A. Serum LH before and after stimulation of kisspeptin neurons by exogenous administration of estradiol in 6-8-month-old ovariectomized WT and Kiss1-PgrKO mice (n = 3); a represent statistical difference between WT, and b represents statistical difference between Kiss1-PgrKO mice (p = 0.037 and p = 0.01, respectively). B. Serum LH concentration 10 min after GnRH stimulation in 5-month-old WT (n = 3) and Kiss1-PgrKO (n = 6) mice (p = 0.47). C. Gross morphology, histology, oocyte morphology, and box plot data representation of oocytes from 5-month-old WT (n = 3) and Kiss1-PgrKO (n = 6) mice after ovarian hyperstimulation with gonadotropins; grossly corpora lutea are small, round, tan, nodular structures that can be seen bulging from the ovarian surface (black arrows), and histologically corpora lutea are characterized as multiple large, round, nodular structures that expand the ovarian cortex (CL–corpora lutea). Gross image scale bar = 1 mm, histology scale bar = 100 μm, oocyte scale bar = 250 μm.

Fig 4. PGR and kisspeptin are co-localized with ERα in kisspeptin neurons but are not expressed in AVPV kisspeptin neurons of ERαKO mice.

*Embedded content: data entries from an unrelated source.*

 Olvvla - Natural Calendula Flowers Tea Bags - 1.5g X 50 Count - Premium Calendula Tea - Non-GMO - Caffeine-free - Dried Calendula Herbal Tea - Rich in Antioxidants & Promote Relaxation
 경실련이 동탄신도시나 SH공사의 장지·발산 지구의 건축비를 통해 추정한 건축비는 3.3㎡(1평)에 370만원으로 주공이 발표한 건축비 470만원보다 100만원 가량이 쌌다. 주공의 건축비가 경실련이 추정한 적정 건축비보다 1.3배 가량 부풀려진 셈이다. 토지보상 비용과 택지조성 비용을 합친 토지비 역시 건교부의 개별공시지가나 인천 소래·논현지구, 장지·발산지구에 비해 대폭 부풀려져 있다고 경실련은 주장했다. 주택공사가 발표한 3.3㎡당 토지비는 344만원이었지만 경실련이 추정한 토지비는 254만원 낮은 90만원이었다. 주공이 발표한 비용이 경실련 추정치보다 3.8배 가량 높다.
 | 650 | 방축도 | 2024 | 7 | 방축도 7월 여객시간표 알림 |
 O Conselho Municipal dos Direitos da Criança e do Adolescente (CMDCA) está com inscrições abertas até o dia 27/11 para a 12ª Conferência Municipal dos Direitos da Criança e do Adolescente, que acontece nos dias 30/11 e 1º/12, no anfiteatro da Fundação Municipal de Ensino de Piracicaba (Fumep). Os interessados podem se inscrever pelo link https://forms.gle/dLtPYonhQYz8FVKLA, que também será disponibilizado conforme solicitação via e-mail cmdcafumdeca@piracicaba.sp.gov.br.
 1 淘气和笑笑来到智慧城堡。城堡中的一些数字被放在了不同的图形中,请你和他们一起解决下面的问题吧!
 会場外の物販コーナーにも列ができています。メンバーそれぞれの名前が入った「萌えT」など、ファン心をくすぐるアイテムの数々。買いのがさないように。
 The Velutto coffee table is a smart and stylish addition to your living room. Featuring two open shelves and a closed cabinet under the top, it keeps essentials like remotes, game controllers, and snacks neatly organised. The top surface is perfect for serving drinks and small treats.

A. Double immunohistochemistry of PGR and kisspeptin in WT and ERαKO mice. Black arrows indicate dark brown nuclear PGR staining. Black arrowheads indicate brown red cytoplasmic kisspeptin staining. Open arrowhead indicates hematoxylin-stained nucleus of a kisspeptin positive and PGR negative neuron. Bar = 25 μm. B. Co-localization of PGR, ERα, and kisspeptin in kisspeptin neuron in the hypothalamic AVPV nucleus from a 2-month-old female C57BL/6 mouse in the estrus stage. From left to right: PGR (blue), kisspeptin (red), ERα (green), and merged image. Yellow arrows indicate nuclear PGR, ERα, and merged PGR/ERα. Green arrows indicate cytoplasmic kisspeptin. White arrows indicate ERα positive nucleus.

Fig 5. Quantification of kisspeptin positive immunofluorescent cells in the AVPV of WT and Kiss1-PgrKO mice.

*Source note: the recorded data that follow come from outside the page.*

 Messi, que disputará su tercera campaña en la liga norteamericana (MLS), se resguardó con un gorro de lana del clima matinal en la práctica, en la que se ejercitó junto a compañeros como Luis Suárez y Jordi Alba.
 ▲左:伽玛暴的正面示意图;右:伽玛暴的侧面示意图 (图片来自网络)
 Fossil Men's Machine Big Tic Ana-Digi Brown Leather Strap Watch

A. Immunofluorescence of kisspeptin in the AVPV of 5-month-old WT and Kiss1-PgrKO; arrows indicate kisspeptin positive cells (bar = 25 μ). B. Quantification of the raw cell number of kisspeptin positive cells from the AVPV of 2-3- and 5-month-old WT and Kiss1-PgrKO mice; the raw cell number was calculated from 3 sections per animal. Data represent means ± SD.

Fig 6. PGR does not regulate Kiss1 gene expression.

Kiss1 mRNA expression level in 6-month-old WT (n = 9) and Kiss1-PgrKO (n = 4) mice.